К тому времени Япония уже проигрывала войну. Мы все чаще слышали о планах вице-адмирала Ониши по защите нашей страны. Летчиков просили совершать самоубийственные нападения на американские боевые корабли. Таких летчиков называли «вишневым цветом»: они расцветали всего на краткий миг перед тем, как опадали.
После выпуска я получил назначение. Я не говорил о нем Терудзену, пока он не повез меня в Ясукуни — почтить души наших павших воинов. Там, в священной тишине дворика храма, я сообщил, что больше не увижу его.
Даже сейчас мысленно вижу это так ясно — скорбь на его лице. Он закрыл глаза, словно произнося молитву по мертвым, которые были повсюду вокруг нас.
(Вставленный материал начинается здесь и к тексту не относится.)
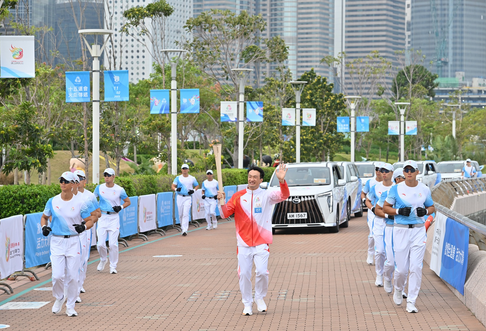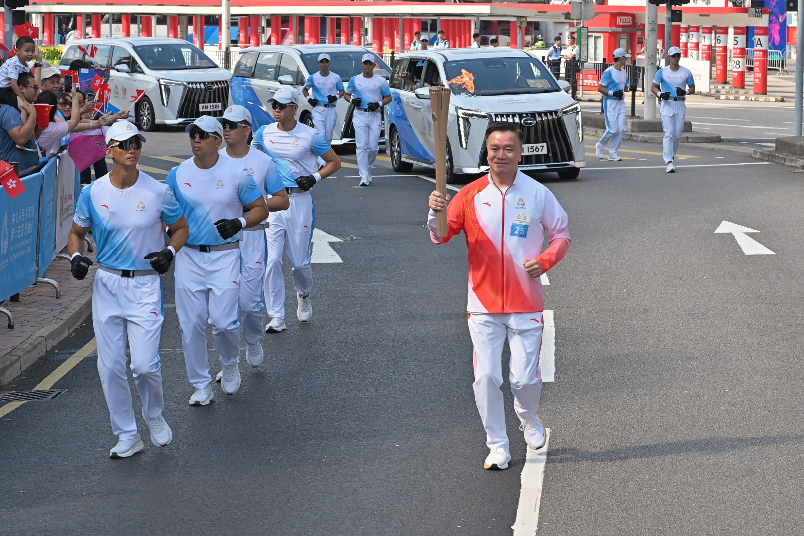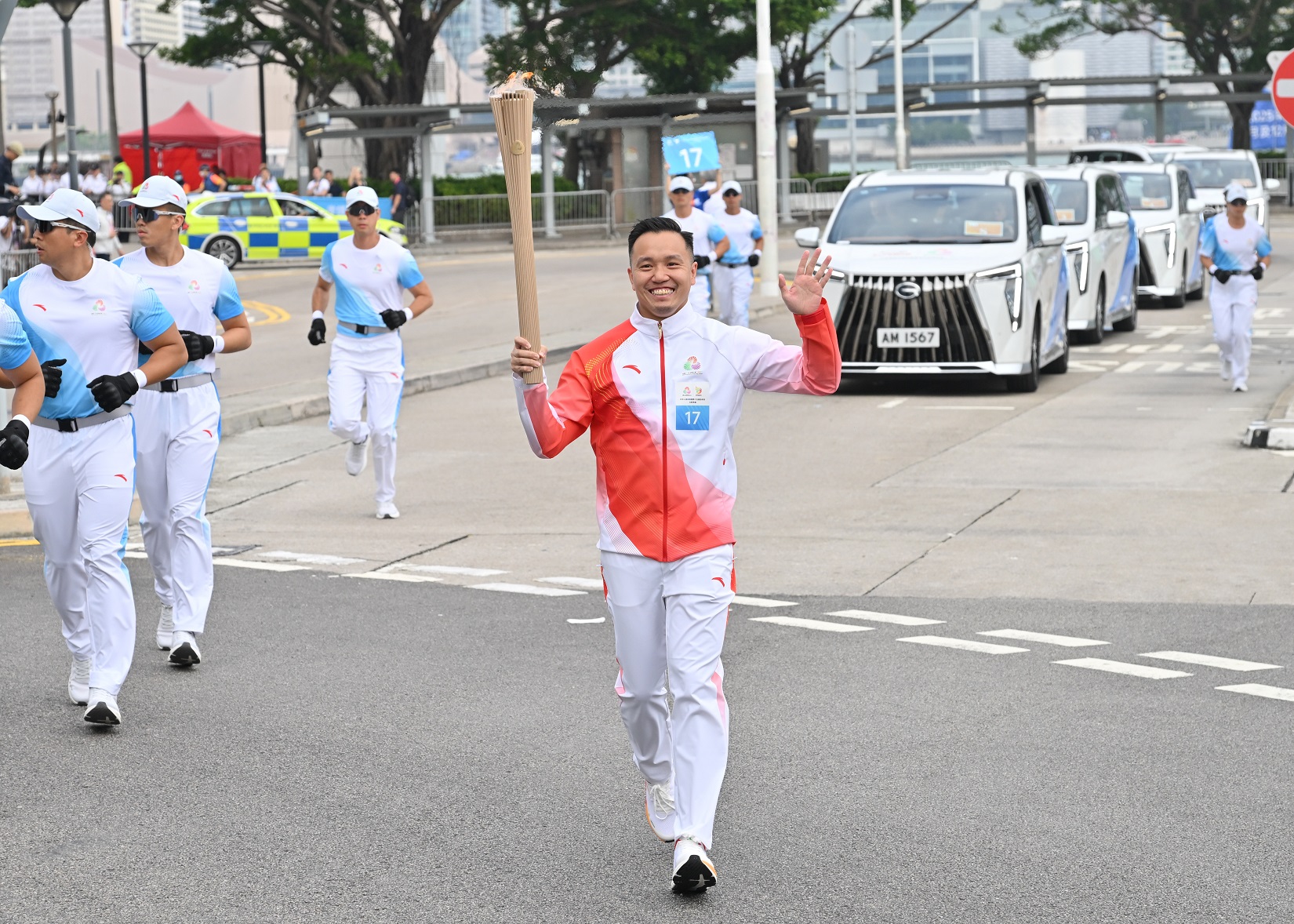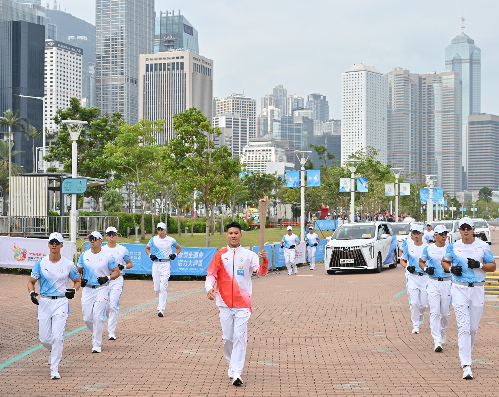 隨著文化體育及旅遊局局長羅淑佩用火種棒燃點火種盆,並由陳國基點燃火炬棒,再交由第一棒火炬手、香港乒乓球代表黃鎮廷,正式展開香港賽區的火炬接力傳遞,最終送抵啟德體育園中央廣場,再由最後一棒、世大運金牌得主、港隊女子重劍代表佘繕妡點燃火盆完成傳遞。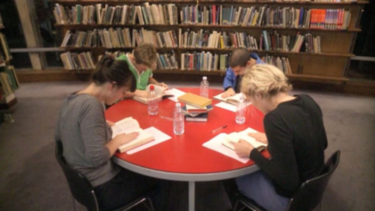 The quiet sanctuary of the library is the backdrop for a series of dance movements based on a literacy theme. The library might appear quiet and still, but there is movement here. Readers turn pages. Sitting around a table, a group tussle over books. Behind the stillness is the private world each reader inhabits and here those moments are acted out. There's the temptation to bend the rules and break the silence, to make books into stepping stones and to turn the spiral stairs into a cascade of books.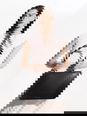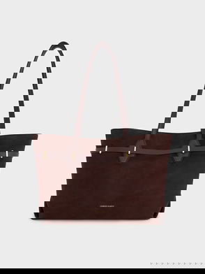 Arlet Recycled Suede Double-Handle Belted Tote Bag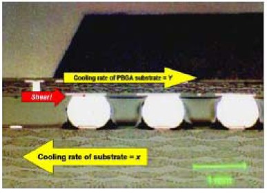 圖7熱沖擊下BGA剪切應(yīng)力的產(chǎn)生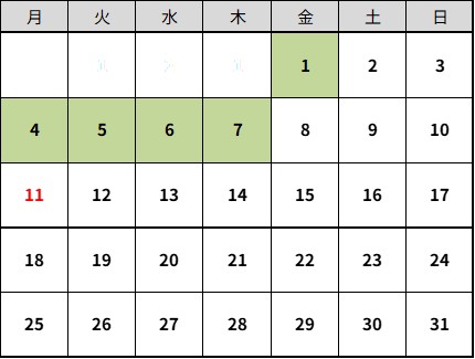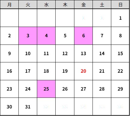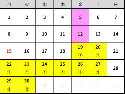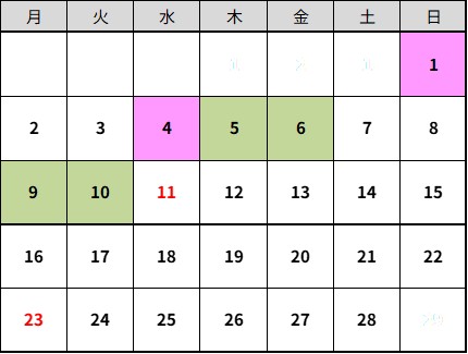 | 24日 | 勤労感謝の日振替(授業実施日) |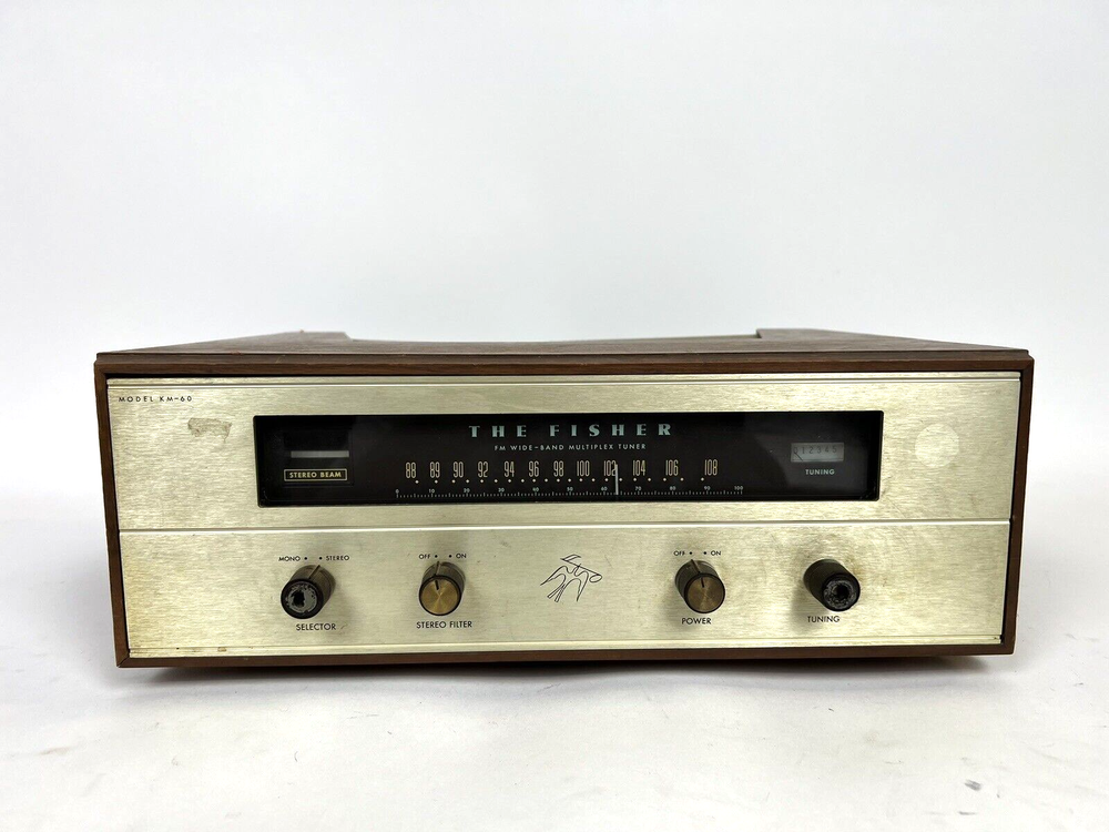 The Fisher Model KM-60 Vintage Receiver Wide-band multiplex tuner Needs Restoration Hey there! You are looking at a Vintage Fisher model KM-60 Receiver Wide-Band Multiplex tuner! This unit is in fairly good condition with its case having only a few scratches and some bottom legs are missing which is to be expected from its age. Besides that the unit is very shiny! We have tried to power on the unit and it does not go on. Therefore it will need to be restored which would make a great project for someone looking to get into vintage audio or add to their collection. The Fisher KM-60 is becoming more rare everyday, pick one up while you have the chance. Thanks for looking check out our other listings for more great deals!

Открыв же глаза, он произнес: «Обещай, что мы снова встретимся здесь после войны».
Я согласился, хотя и понимал: этому не бывать. Война свела нас вместе, но как только она кончится, все опять изменится. Ему придется вернуться к Норико. Я поклонился ему и вышел из святилища.
Через десять дней после того, как я совершил вынужденную посадку в Баколоде, мой самолет вновь был готов к перелету на Малайю. Когда я поблагодарил механика, тот глянул на меня, а потом на шагавшего к нам с другого конца взлетной полосы Терудзена.
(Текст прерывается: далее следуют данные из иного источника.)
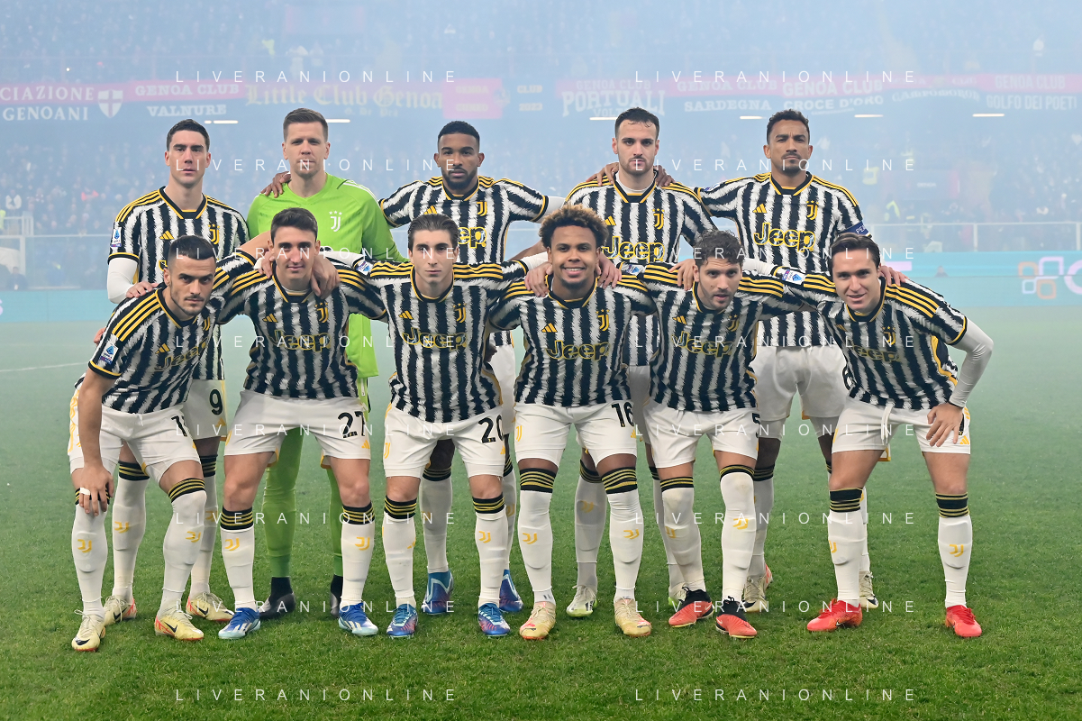Genoa vs Juventus nella foto formazione Juventus, in piedi da SX Dusan Vlahovic, Wojciech Szczesny, Gleison Bremer, Federico Gatti e Danilo Luiz Da Silva; in basso da SX Filip Kostic, Andrea Cambiaso, Fabio Miretti, Weston McKennie, Manuel Locatelli e Federico Chiesa Genova 15-12-2023 Stadio Luigi Ferraris - Marassi Campionato Serie A TIM - 16a giornata foto Roberto Garavaglia/ag. Aldo Liverani sas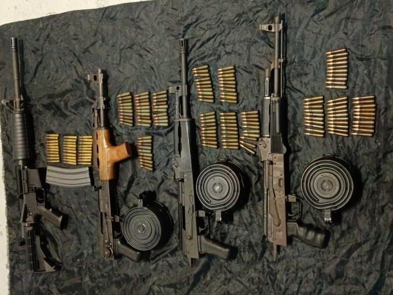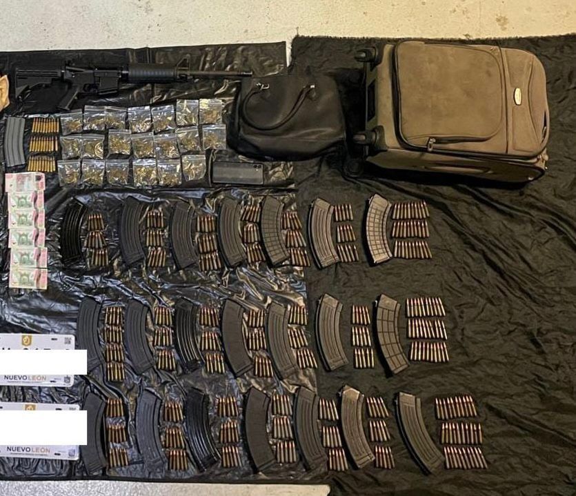 El resultado de la inspección fue el aseguramiento de cinco chalecos, cuatro armas largas abastecidas y municiones, 165 dosis de cristal, 20 bolsas con marihuana, 21 cargadores con balas, dos mil 500 pesos en efectivo, cinco celulares, un bolso, una maleta, cuatro máscaras de látex, nueve gorras y dos placas de circulación del estado de Nuevo León.

— Если б у меня хватило мужества, я б раздраконил двигатель так, что его никаким ремонтом не восстановить, — выговорил он. — Слишком уж много было бессмысленных смертей.
— Будь у меня мужество, Нага-сан, — сказал я в ответ, — я бы попросил вас сделать это.
Мы поклонились друг другу. Потом, уже уходя, он остановился и обернулся ко мне:
— Я помолюсь за вас в святилище Ясукуни, когда война кончится.
Подошел Терудзен и постучал по фюзеляжу самолета. Металл отозвался слабо и глухо.
— Твой отец советовался со мной по поводу их конструкции, — сказал полковник. — Только не такие самолеты он хотел строить. Они бесчестят вашу фамилию. Они — позор нашей нации.
— Перед войной отец успел построить самые лучшие самолеты, — сказал я. — Но у нас кончились материалы. В нас иссяк дух.
Терудзен обнял меня за плечи:
— Дух в нас никогда не иссякал.
Из своего потрепанного летного костюма я достал листок бумаги и напомнил:
— Вы дали это мне вскоре после того, как мы встретились.
Он взглянул и отвел мою руку со словами:
— Мне это не нужно. Я это знаю наизусть.
— Я хотел бы услышать, как это произносите вы, — попросил я. — Пожалуйста…
— Я знаю, выпадет судьба погибнуть в чреве облаков…[1489] — начал он на языке поэта.
То была первая строка стихотворения Йейтса «Ирландский авиатор предчувствует свою смерть». Я закрыл глаза и слушал его, уловив сдерживаемый гнев в голосе, когда он дошел до последних строк[1490]. Тогда-то я и понял, что, в отличие от нашего прошлого расставания, я не стану опять пытаться забыть его. Медленно поднял я веки и выговорил:
— Я вел себя по-дурацки в тот день, в Ясукуни, правда? Все это — пустое.
— Но и я повел себя так же, согласившись на твою просьбу.
— И все же мы поступили правильно, в этом я уверен, — сказал я.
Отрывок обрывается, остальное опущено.